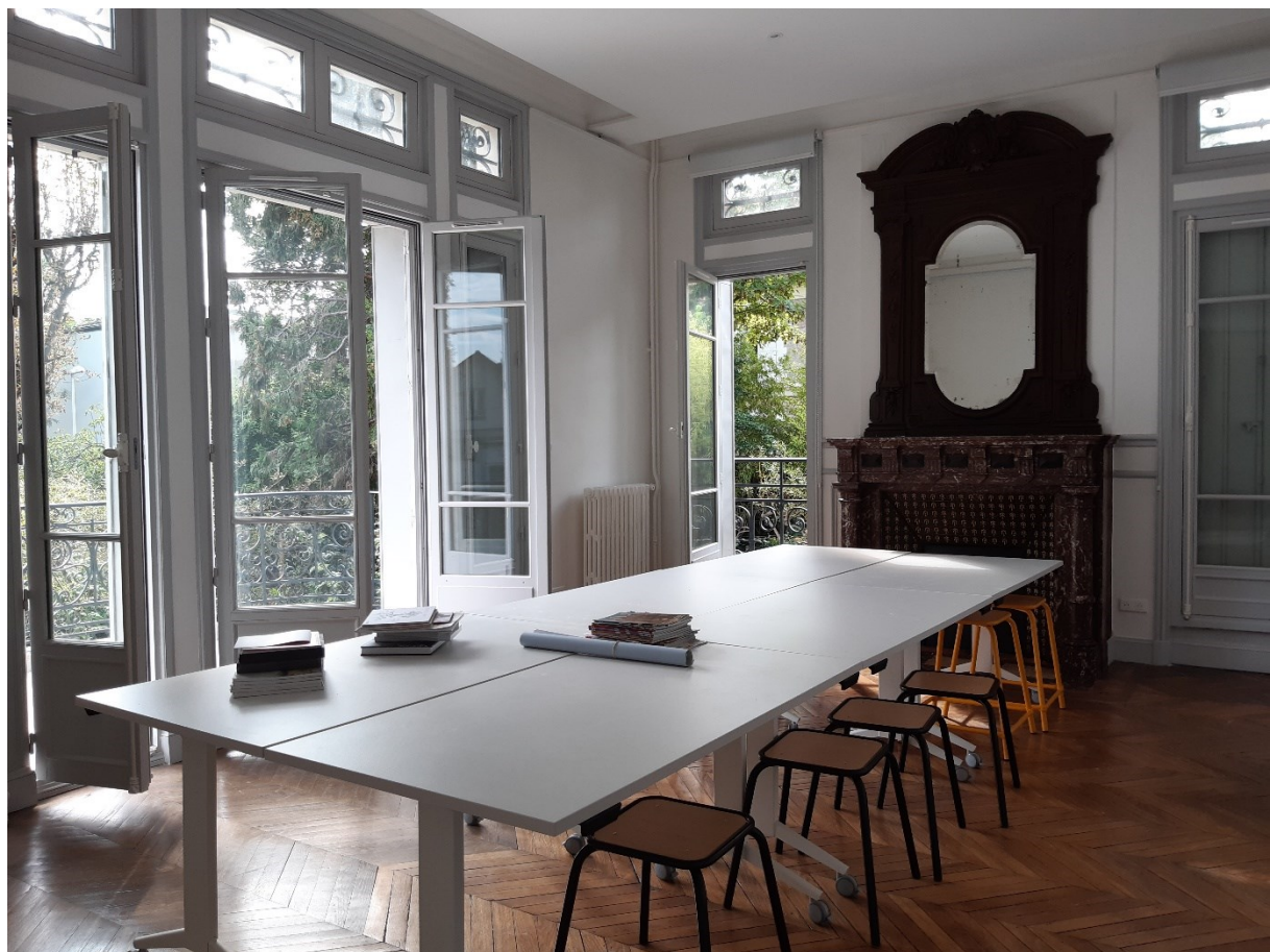
Espace de restitution, présenté ici sans les cimaises
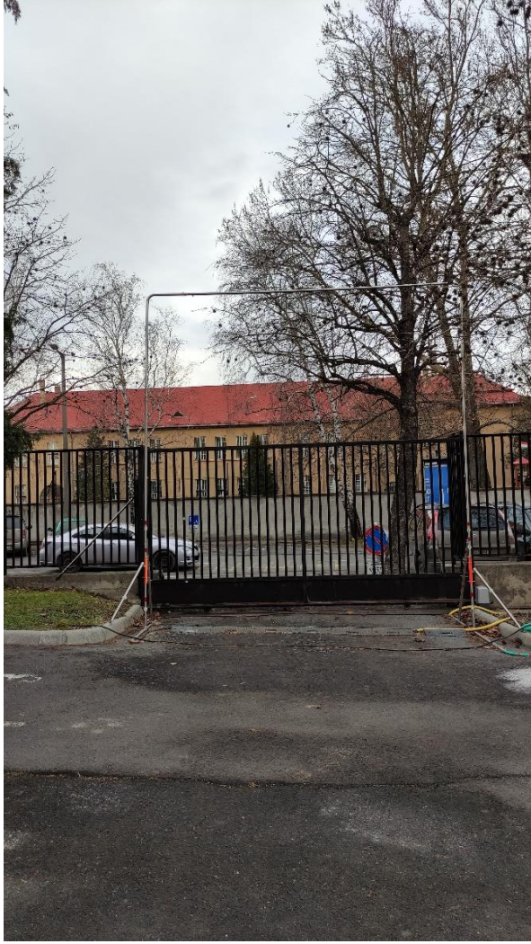
13. A gépjárművek fertőtlenítésére szolgáló kapu
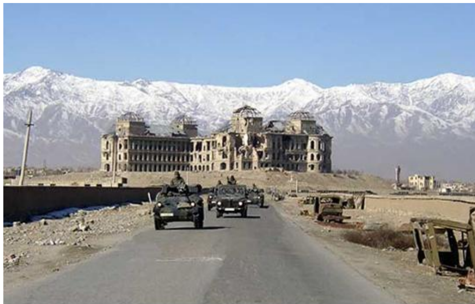
Дворец президента Афганистана Хафизуллы Амина после штурма его советским спецназом 27.12.1979 г.
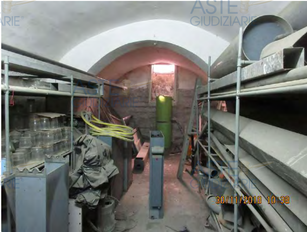
Foto n.85 Sub 7 Con finestra frontale prospiciente la Via Podgora
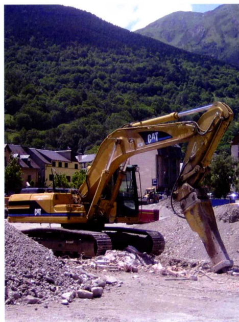
■ Obras de construcción del aparcamiento.

El también secretario de Acción Municipal de UA ha seguido apostando por "consolidar el uso de parking" en el centro de Vielha y ha asegurado que deben evitarse malos ejemplos como el proceso que dio lugar a la construcción de una macrourbanización en el Valle de Ruda, donde no se han visto recompensados en justicia los intereses municipales, agravados por una situación de inseguridad jurídica después de una sentencia adversa del Tribunal Superior de Justicia de Cataluña, que ha anulado la licencia urbanística al no ajustarse a la normativa vigente. | vediau
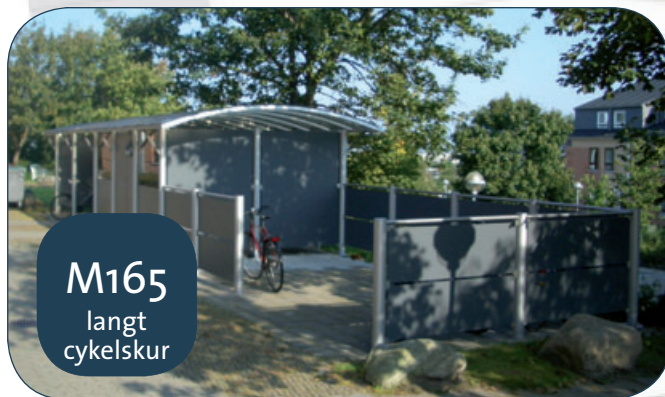
M165 langt cykelskur

3x2 stk. model S396 dobbelt i forlængelse anvendt som cykelskur med plads til 120 cykler (Tarm).
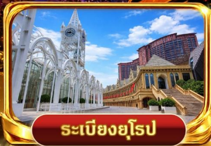
ระเบียงยุโรป
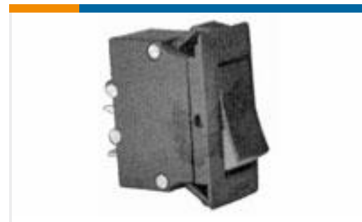
TE 产品编号4-1423673-0 W51-A152A1-10=CKTBKR,THERM, ROC
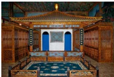
图 24 倦勤斋戏台挂对
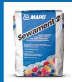
Fugenmörtel SEWAMENT 2
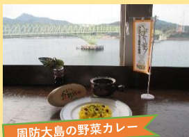
周防大島の野菜カレー
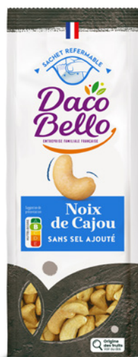
Noix de Cajou Sans Sel

Nous avons créé nos propres recettes, imaginant des alliances originales à base d'épices et d'herbes, pour réinventer l'apéritif.
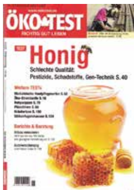
Revija Öko test, namenjena porabnikom

dinske alkaloidne PAs (pri nas jih vsebuje nektar gadovca, boreča, konjske grive in šentjacobovega grinta, ker pa teh rastlin v Sloveniji ni veliko, za naše porabnike ni nobene nevarnosti; op. p.). Toda preseñenje je bilo veliko, ko so v vzorcih nemškega medu oljne ogršãice in v spomladanskem cvetliãnem medu, ki so ga ãebele nabirale v bližini
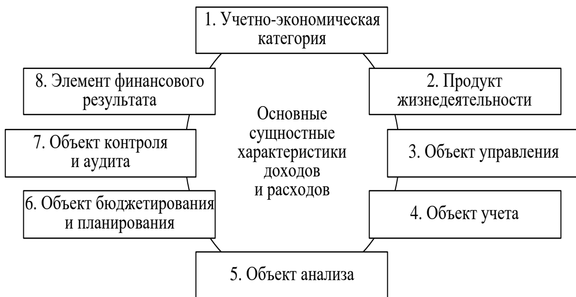
Рисунок 3 – Основные существенные характеристики доходов и расходов на предприятиях торговли

Дефиниции доходов и расходов – это учетно-экономические категории, которые являются значимыми на предприятиях торговли, при этом имеются различные варианты понимания экономического содержания и их роли в учетно-аналитическом обеспечении. На рисунке 3 представлены основные существенные особенности данных дефиниций.
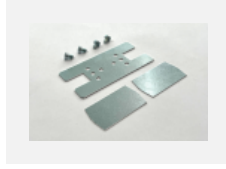
145-50200, F direkter Veerbinder mit Abdeckung

> _Work instructions_
Reproduce only the lines running from the beginning of the entries above to the line holding "Noix de Cajou Sans Sel", inclusive. Pictures stay out of the copy.

> _Response to the exercise_
Espace de restitution, présenté ici sans les cimaises
13. A gépjárművek fertőtlenítésére szolgáló kapu
Дворец президента Афганистана Хафизуллы Амина после штурма его советским спецназом 27.12.1979 г.
Foto n.85 Sub 7 Con finestra frontale prospiciente la Via Podgora
■ Obras de construcción del aparcamiento.

El también secretario de Acción Municipal de UA ha seguido apostando por "consolidar el uso de parking" en el centro de Vielha y ha asegurado que deben evitarse malos ejemplos como el proceso que dio lugar a la construcción de una macrourbanización en el Valle de Ruda, donde no se han visto recompensados en justicia los intereses municipales, agravados por una situación de inseguridad jurídica después de una sentencia adversa del Tribunal Superior de Justicia de Cataluña, que ha anulado la licencia urbanística al no ajustarse a la normativa vigente. | vediau
M165 langt cykelskur

3x2 stk. model S396 dobbelt i forlængelse anvendt som cykelskur med plads til 120 cykler (Tarm).
ระเบียงยุโรป
TE 产品编号4-1423673-0 W51-A152A1-10=CKTBKR,THERM, ROC
图 24 倦勤斋戏台挂对
Fugenmörtel SEWAMENT 2
周防大島の野菜カレー
Noix de Cajou Sans Sel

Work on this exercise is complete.